The Estonian prime minister is under mounting pressure over claims her husband has maintained business interests in Russia that the country’s president, Alar Karis, has said have put “the credibility of the Estonian state into question”.
Reports emerged last week that Stark Logistics, a company partly owned by Kaja Kallas’s husband, Arvo Hallik, has continued to do business in Russia since the invasion of Ukraine last year.
Kallas and Hallik maintain that the business was assisting another Estonian company, Metaprint, to wrap up trade in Russia.
Local media have reported that Metaprint sold €17m worth of goods to Russia between the start of the full-scale invasion of Ukraine in February 2022 and the following November.
The prime minister – a vocal supporter of Ukraine against Russia – refused to attend a select committee scheduled on Monday, where she was expected to discuss funding for the presidential office. There is uncertainty as to whether Kallas will attend an anti-corruption select committee sitting on Tuesday, discussing continuing business activities in Russia during the conflict in Ukraine.
The budget committee chair, Urmas Reinsalu of the opposition party Isamaa, described Kallas’s behaviour as unprecedented and called for her resignation.
“A government leader lacking in moral capital is also a security threat, undermining our international credibility with regard to a resolute sanctions policy and continuing support for Ukraine,” said Reinsalu.
Kallas, a former lawyer and the daughter of Estonia’s former prime minister Siim Kallas, is credited with boosting the Baltic nation’s international stature, and publicly chided the French president, Emmanuel Macron, for picking up the phone to the Russian president, Vladimir Putin, in the early days of the war.
The claims stand in contrast to Estonia’s fervent backing of Ukraine’s fight against Russia and Kallas’s advocacy of sanctions against the Kremlin, urging Europe to cut its Russian energy dependency.
Estonia is among the biggest donors of military, humanitarian and economic aid to Ukraine per capita, despite facing inflation of up to 25%.
While Estonia’s internal security service says Hallik’s business activities do not violate sanctions, public confidence in the prime minister has taken a hit.
Polls conducted by Estonia’s public broadcaster show most Estonians now want the prime minister to resign, in what could be a damaging reversal of public support for Kallas.
Kallas’s coalition partners, the Social Democrats and Estonia 200, have continued to back the prime minister. Kallas’s Reform party secured an election victory in February and has since led the country’s most progressive coalition government, passing a marriage equality bill in June.

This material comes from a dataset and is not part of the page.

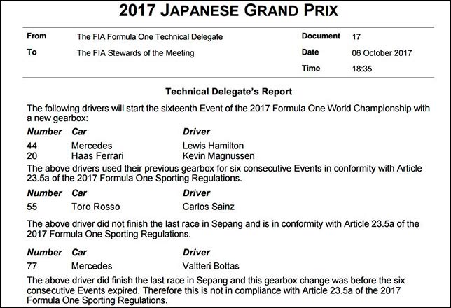 Замены коробок на машинах Хэмилтона и Магнуссена не будут наказаны – они проехали определённую регламентом дистанцию шести Гран При, а Сайнс получил возможность заменить коробку после схода в прошлой гонке.

Kallas has said she has no involvement in her husband’s business, saying “my husband and I never discuss business at home”. Reports in July suggested she provided him with a loan of €350,000 for investment purposes and has made several visits to Metaprint as prime minister. Kallas says her visits to Metaprint were before the start of the Ukraine war and that she had never discussed the nature or purpose of the loan to her husband.